▸ Task details
Set down a true copy of the data, with all pictures left out.

═══ Information provided

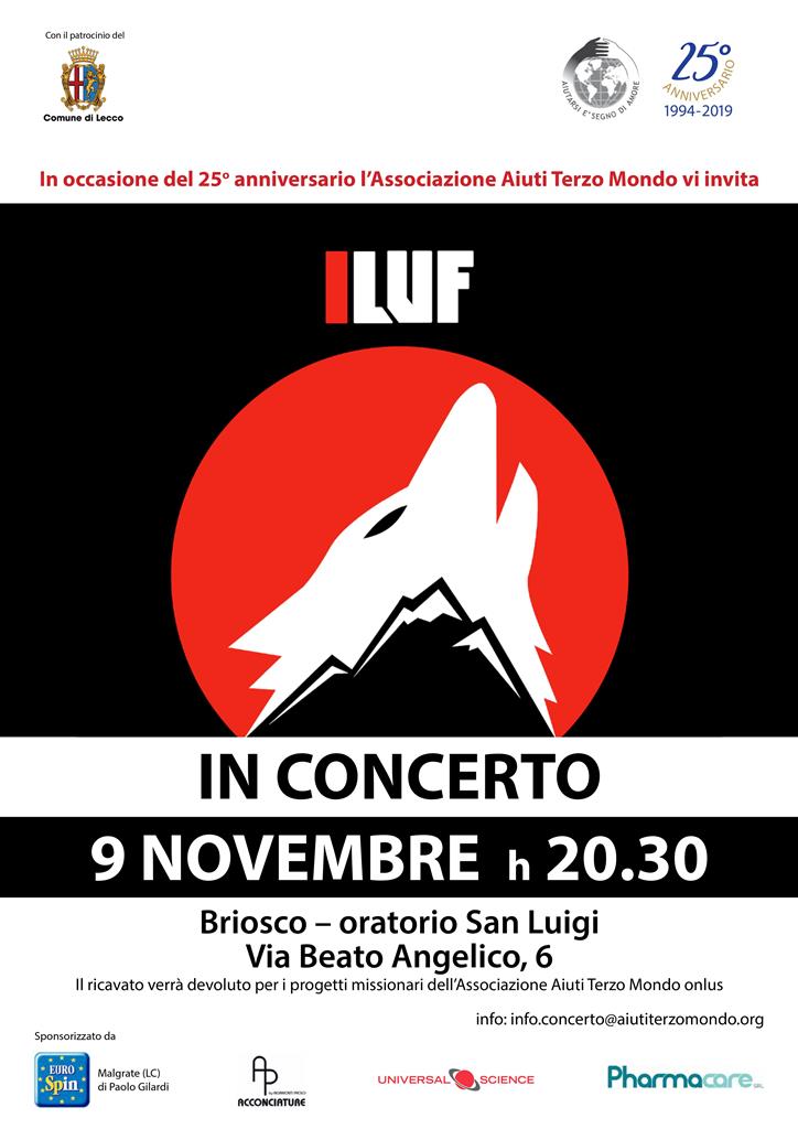 Domani, sabato 9 novembre alle 20.30 all’oratorio San Luigi di via Beato Angelico 6 a Briosco si terrà il grande concerto de I Luf organizzato per il 25° anniversario dell’Associazione Aiuti Terzo Mondo onlus di Lecco, con il patrocinio del Comune di Lecco.
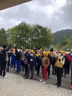 これから本日のメインの活動である来拝山登山です。みんなで気持ちを高めています。
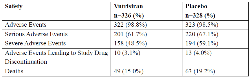 In the study, treatment with vutrisiran substantially reduced the risk of death and cardiovascular events relative to placebo (see table below for further details). In the overall population, vutrisiran reduced the risk of all-cause mortality and recurrent cardiovascular events by 28%, with similar reductions in both the mortality and cardiovascular events components of the endpoint. Mortality in this population was significantly reduced by 31% during the double-blind period and by 36% up to 42 months. In the monotherapy population, vutrisiran significantly reduced the risk of all-cause mortality and recurrent cardiovascular events by 33% and significantly reduced the risk of mortality by 35% up to 42 months. As a component of the primary endpoint, a non-significant reduction of 30% in mortality was observed (nominal p-value 0.1179) in the monotherapy population during the double-blind period.
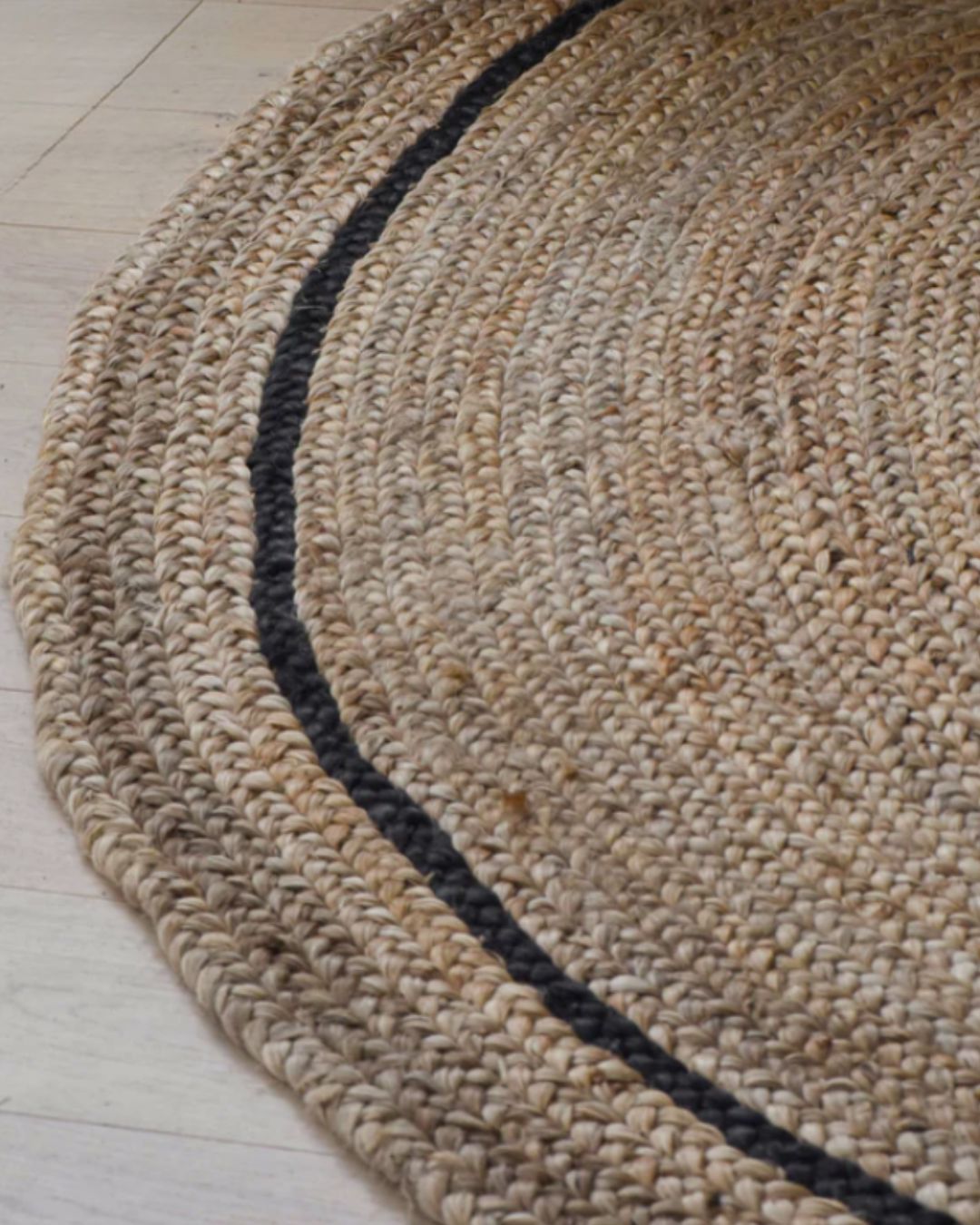 Organic Round Jute Rug – Natural with Heritage Black Stripe

══════

▸ Written solution
 Domani, sabato 9 novembre alle 20.30 all’oratorio San Luigi di via Beato Angelico 6 a Briosco si terrà il grande concerto de I Luf organizzato per il 25° anniversario dell’Associazione Aiuti Terzo Mondo onlus di Lecco, con il patrocinio del Comune di Lecco.
 これから本日のメインの活動である来拝山登山です。みんなで気持ちを高めています。
 In the study, treatment with vutrisiran substantially reduced the risk of death and cardiovascular events relative to placebo (see table below for further details). In the overall population, vutrisiran reduced the risk of all-cause mortality and recurrent cardiovascular events by 28%, with similar reductions in both the mortality and cardiovascular events components of the endpoint. Mortality in this population was significantly reduced by 31% during the double-blind period and by 36% up to 42 months. In the monotherapy population, vutrisiran significantly reduced the risk of all-cause mortality and recurrent cardiovascular events by 33% and significantly reduced the risk of mortality by 35% up to 42 months. As a component of the primary endpoint, a non-significant reduction of 30% in mortality was observed (nominal p-value 0.1179) in the monotherapy population during the double-blind period.
 Organic Round Jute Rug – Natural with Heritage Black Stripe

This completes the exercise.